CNN performance test results

t number 1 2 3 4 5
Sample size 100 100 100 100 100
True number 130 159 142 129 155
Number of omissions 6 17 9 10 19
Missing rate 4.6% 10.7% 6.3% 7.6% 12.2%
Average missed detection rate 8.28%
Identification number 128 154 138 128 151
Recognition rate 98.4% 96.8% 97.2% 99.2% 97.4%
Average recognition rate 97.8%
Sheet time 1.23s 1.46s 0.92s 1.12s 1.24s
Average time spent per sheet 1.19s

Comprehensively, the above test results and analysis show that Zynq combined with optimized CNN has a better detection and recognition ability, which basically meets the demand index of the initial application.

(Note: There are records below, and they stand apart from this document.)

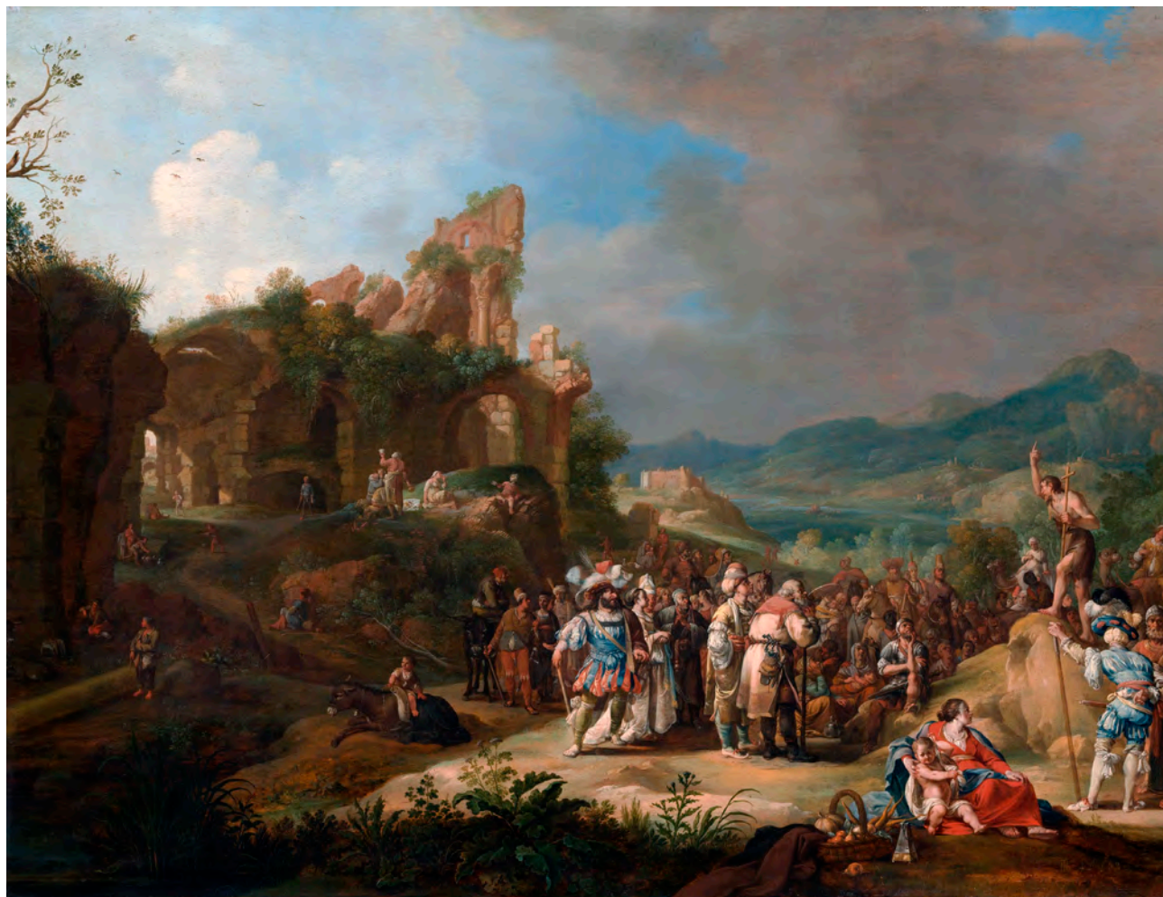
◀ Predicación de san Juan Bautista.

Como el pueblo estaba expectante, y todos se preguntaban en su interior sobre Juan si no sería el Mesías, Juan les respondió dirigiéndose a todos: «Yo os bautizo con agua; pero viene el que es más fuerte que yo, a quien no merezco desatarle la correa de sus sandalias. Él os bautizará con Espíritu Santo y fuego; en su mano tiene el bieldo para aventar su parva, reunir su trigo en el granero y quemar la paja en una hoguera que no se apaga». Con estas y otras muchas exhortaciones, anunciaba al pueblo el Evangelio.
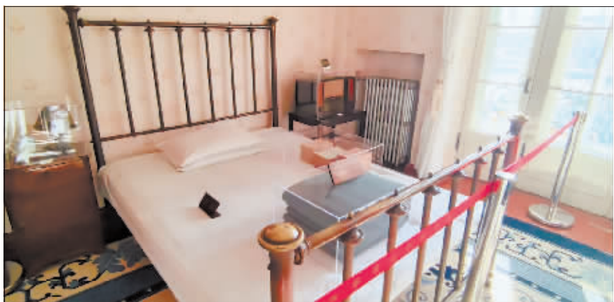
毛主席使用过的铜床。

新晚报 拍卖/公告 项目地址：哈尔滨市松北区太阳岛西侧哈尔滨冰雪大世界园区 冰雪大世界联系电话：13144527799 拍卖时间：2024年12月10日9时开始 拍卖公司及拍卖会地址：哈尔滨公共资源拍卖有限公司，哈尔滨市抚顺街1号 拍卖公司联系电话：0451-58700011
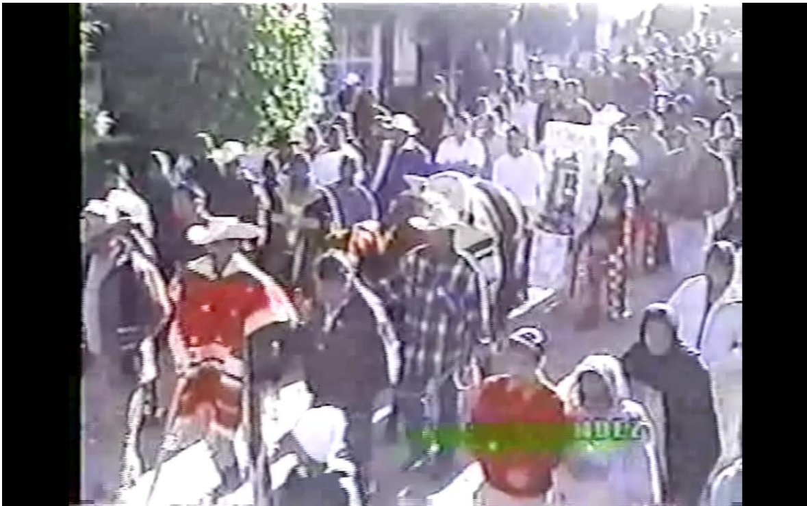
Imagen extraída del video del funeral de Everardo Ortíz. Escaramuza de familiares y amigos, personas del pueblo, jinetes y caballos.

difunto y la banda de viento, avanzan a un paso lento recorriendo las calles del pueblo para que el viajero se despida de su tierra que lo vio nacer y las personas que no acudieron vean el desfile y la importancia del individuo con muestras del cariño que se le tenía, éstas se manifiestan con las decenas de coronas y los cientos de personas que lo acompañan.
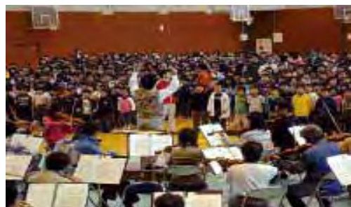
群響移動音楽教室
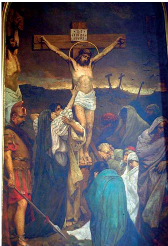
Il. 5. Wilhelm Kotarbiński, Paweł Swiedomski, Ukrzyżowanie , 1894–1895, nawa boczna soboru św. Włodzimierza w Kijowie, fot. M. Goch

realizacją „wiązano w sztuce rosyjskiej odrodzenie malarstwa monumentalnego”. 16

Through subsequent research and improvement, its detection and recognition level can be further improved so as to meet the real real-time image processing requirements.

Conclusion

This paper studies the optimization and application of CNN based on embedded systems. The Im2col-Gemm algorithm based on the Darknet framework is optimized to improve the computing speed of CNN and reduce computing power consumption. Deploying the optimized CNN on different embedded systems, it is found that Zynq achieves 658.12 and 23.18 times speedup compared to Cortex-A9 single core and Intel CPU, respectively. The Zynq combined with optimized CNN is applied to character recognition detection and traffic sign detection, and by analyzing the data, it is known that the optimized character recognition FPS can reach 220, and it only takes about 4.5ms to recognize a picture, and the traffic sign recognition rate is as high as 97.8% while the leakage rate is as low as 8.28%.

Combined with the research in this paper, it can be seen that the optimized CNN algorithm based on the embedded system can effectively improve the speed of convolutional operation, reduce the power consumption of convolutional operation, improve the real-time image recognition rate, while reducing the real-time image leakage rate, which has a broader application prospect in the field of AI.